A PLACE OF OPPORTUNITY & AMBITION
THIS PLACE FOSTERS OPEN-MINDEDNESS. IT ENCOURAGES A CULTURE OF CURIOSITY. IT PROVIDES CHOICES, OPTIONS AND POSSIBILITIES IN OUR DIFFERING PHASES OF LIFE. IT HAS A “CAN DO” ATTITUDE. THERE IS AN EXPERIMENTAL CULTURE. THIS KEEPS IT FLEXIBLE AND ADAPTIVE TO EMERGING CHANGES.
Some places provide opportunities and others less, yet this is a place to have ambition, ideals and aspiration. It sparks in you the desire to give free rein to your exploratory instinct and to open out. The raw materials of the city create the potential and are embodied in peoples’ creativity, skills and talents as well as its resources. These are “things” like buildings and also symbols, activities and the repertoire of local products in crafts, manufacturing and services. They are our historical, industrial and artistic assets including architecture, urban landscapes or landmarks as well as our indigenous traditions of public life, festivals, rituals or stories as well as hobbies, enthusiasms or amateur cultural activities. This draws attention to the distinctive, unique and the special in any place. These resources are all potential opportunities. Acknowledging this can engender a spirit of generosity. It can create the desire to give back to your city. This helps generate civic pride, loyalty and trust.
A PLACE OF NURTURE & NOURISHMENT
IN THIS PLACE PEOPLE CAN FLOURISH, AND THERE ARE MANY POSSIBILITIES TO SELFIMPROVE FROM THE FORMAL TO THE INFORMAL. THIS IS A LIFELONG LEARNING ENVIRONMENT AND A PLACE WHERE A DISCUSSION CULTURE IS VIBRANT. IT ALLOWS YOU TO ENVISION WHAT COULD BE.
Here you can grow personally and professionally and the city helps you in this endeavour. It cares. It reinforces your necessary ladders of opportunity to move forward. It enables you to be more fulfilled and to widen your horizons. You are fed by these broadening perspectives and so learn and reflect.
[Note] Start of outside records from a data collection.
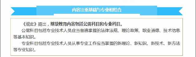 公需科目包括專業技術人員應當普遍掌握的法律法規、理論政策、職業道德、技術信息等基本知識。專業科目包括專業技術人員從事專業工作應當掌握的新理論、新知識、新技術、新方法等專業知識。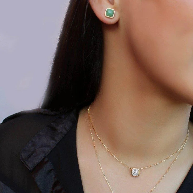 O Brinco Pedra Quadrada Minimalista traz o equilíbrio perfeito entre sofisticação e simplicidade.Com pedra cabochão no formato quadrado de 6x6mm, é uma peça elegante e atemporal, ideal para quem aprecia detalhes sutis, mas cheios de personalidade.Seu design compacto e o acabamento folheado a ouro proporcionam um toque moderno e delicado, perfeito para uso diário ou composições com outros brincos.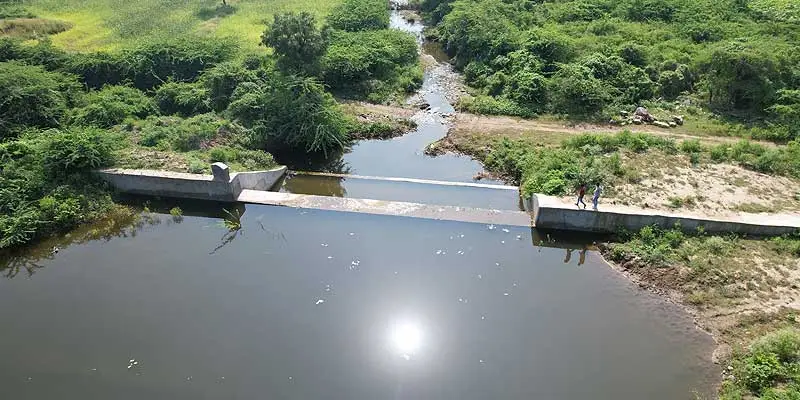The anicut benefits eight open wells and six bore wells situated near the structure. The structure ensures the sustainability of two drinking water sources; one that is currently supplying piped water to 150 households through an existing Panchayat scheme, and the second, an under-construction source that is part of the Jal Jeevan Mission (JJM) scheme and will eventually provide piped water to all the households in the community.

This can help citizens become more competent and confident and thus willing to participate in helping to shape, make and co-create their evolving city. To make this happen requires pre-conditions and these include good facilities be they in education and research or health care, social provision, affordable housing or anything that makes a place more liveable.
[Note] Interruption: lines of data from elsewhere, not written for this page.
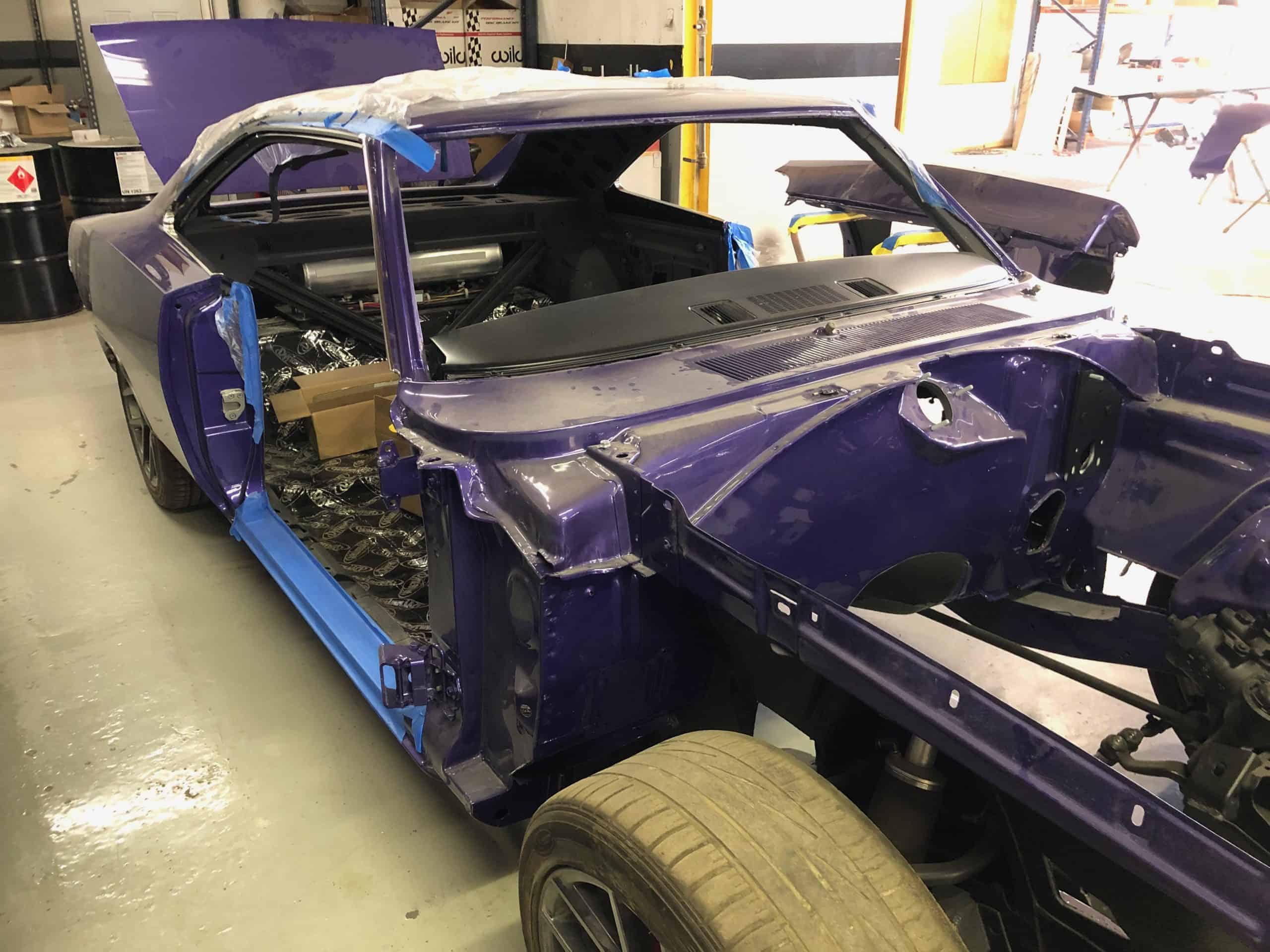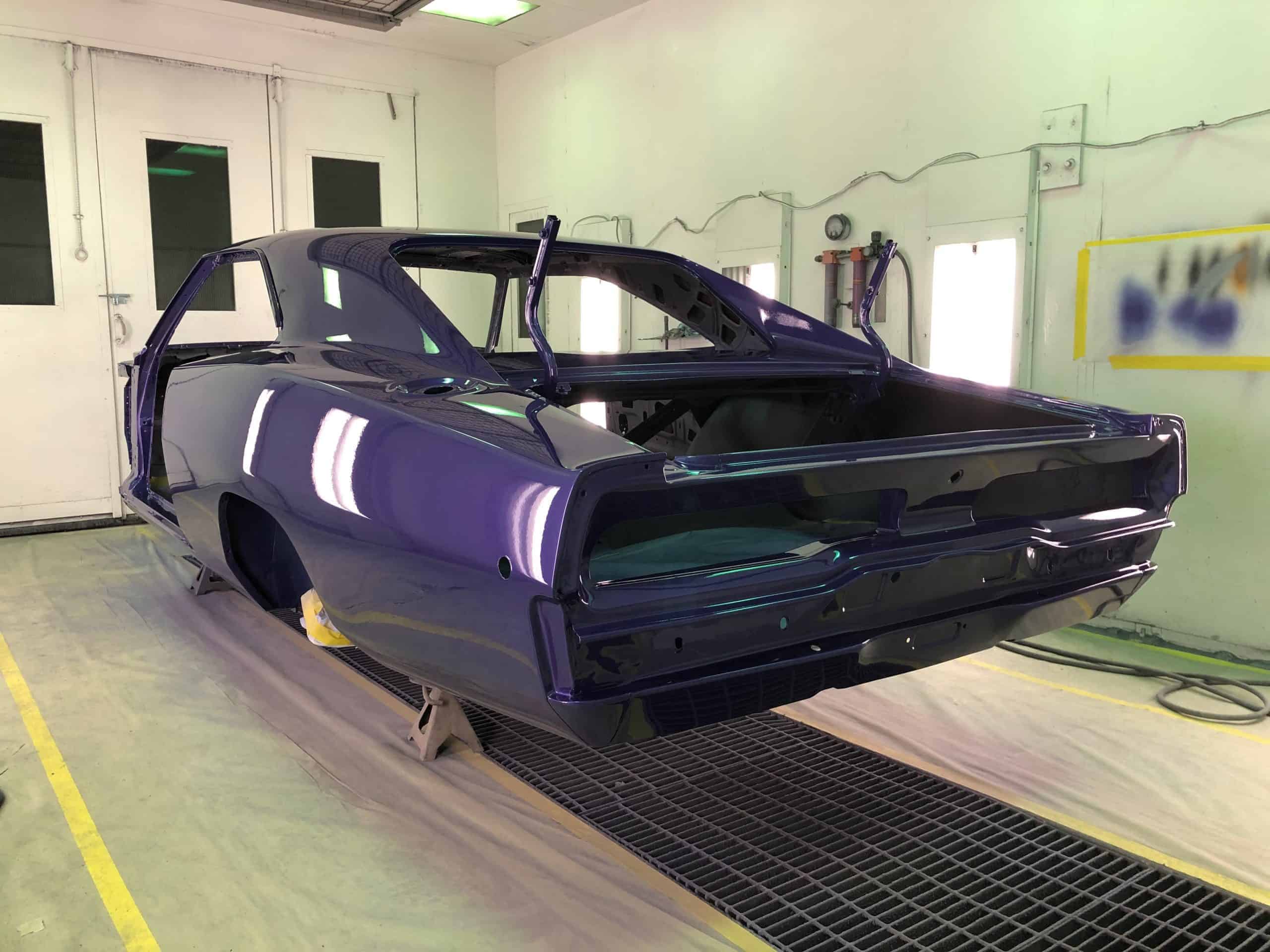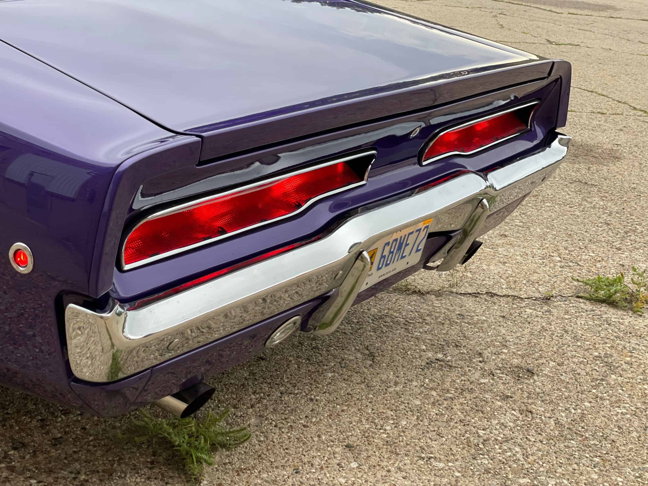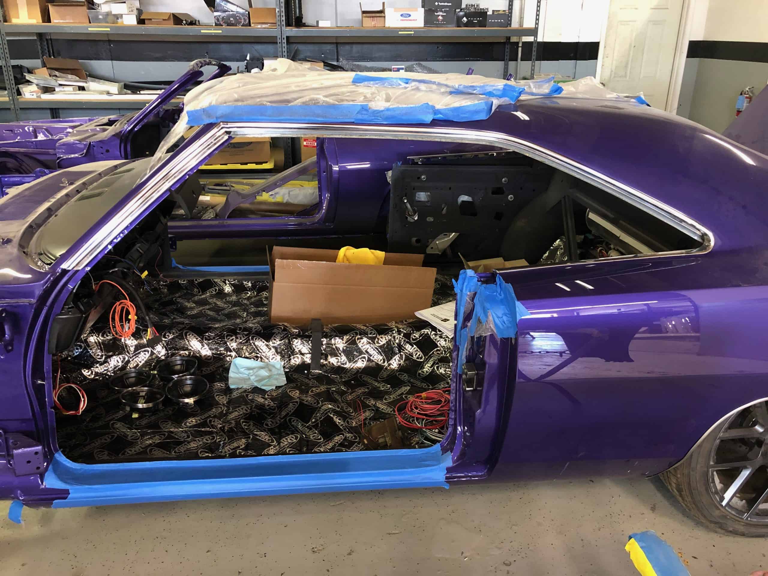 1968 Charger Restomod complete with a 6.4 L Gen IV Hemi, Ridetech air ride suspension, Wilwood disc brakes BASF Glasurit Plum Crazy paint and a full custom interior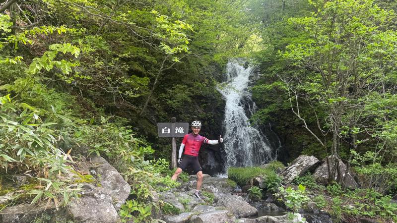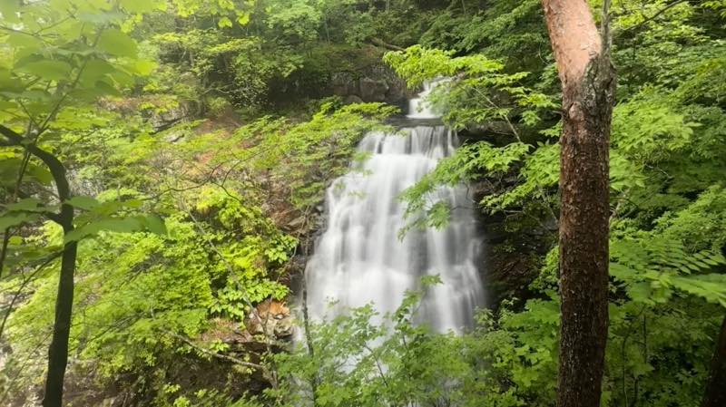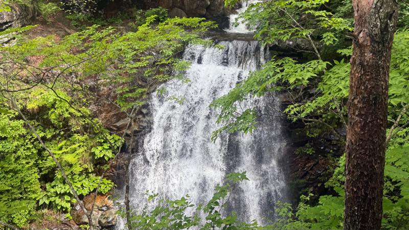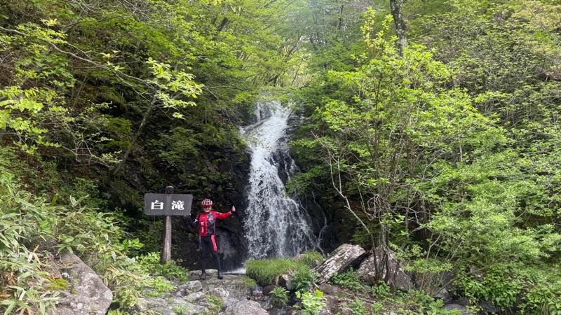 頂上付近に到着。雨が降ったおかげで白滝の水量もあり見応えがある。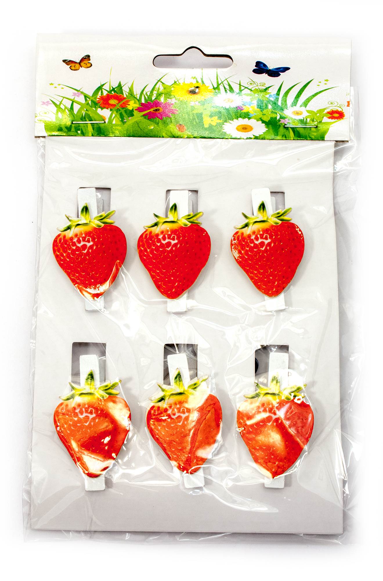 Украшалочки Клубника прищепка дерево(н-р 6 шт) ЦЕНА ЗА НАБОР код 29782A

A PLACE OF INSPIRATION & IMAGINATION
THIS PLACE HAS A VISIONARY FEEL, IT LIFTS YOU UP FROM THE DAY TO DAY. YOU FEEL AT ONE WITH YOURSELF AND YOUR CITY. IT PROVIDES A HEIGHTENED LEVEL OF EXPERIENCE BY ITS BEAUTY AND ITS SPIRIT OF POSSIBILITY AND EXCITEMENT.
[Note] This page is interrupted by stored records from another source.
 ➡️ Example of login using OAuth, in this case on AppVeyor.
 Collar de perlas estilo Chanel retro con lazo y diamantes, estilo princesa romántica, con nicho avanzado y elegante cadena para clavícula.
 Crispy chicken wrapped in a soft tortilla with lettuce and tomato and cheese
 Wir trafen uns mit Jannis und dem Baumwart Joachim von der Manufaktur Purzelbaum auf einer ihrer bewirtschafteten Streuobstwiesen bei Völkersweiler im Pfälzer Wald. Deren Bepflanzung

Here aspiration and good intent is made visible in the built fabric or through the vitality of its culture and urban programming. Each reinforces the other and this creates a positive virtuous spiral. This visionary dimension reflects the ideals and ethics that the city wishes to project to its citizens and to the wider world. These greater purposes beyond self-interest change over time and today three foci are important. First we need to heal the division between the city and nature and a changing climate; second to be imaginative in working through how we live together with our differences; and third how we unleash the creative potential in each one of us. Cities able to do this will be admired.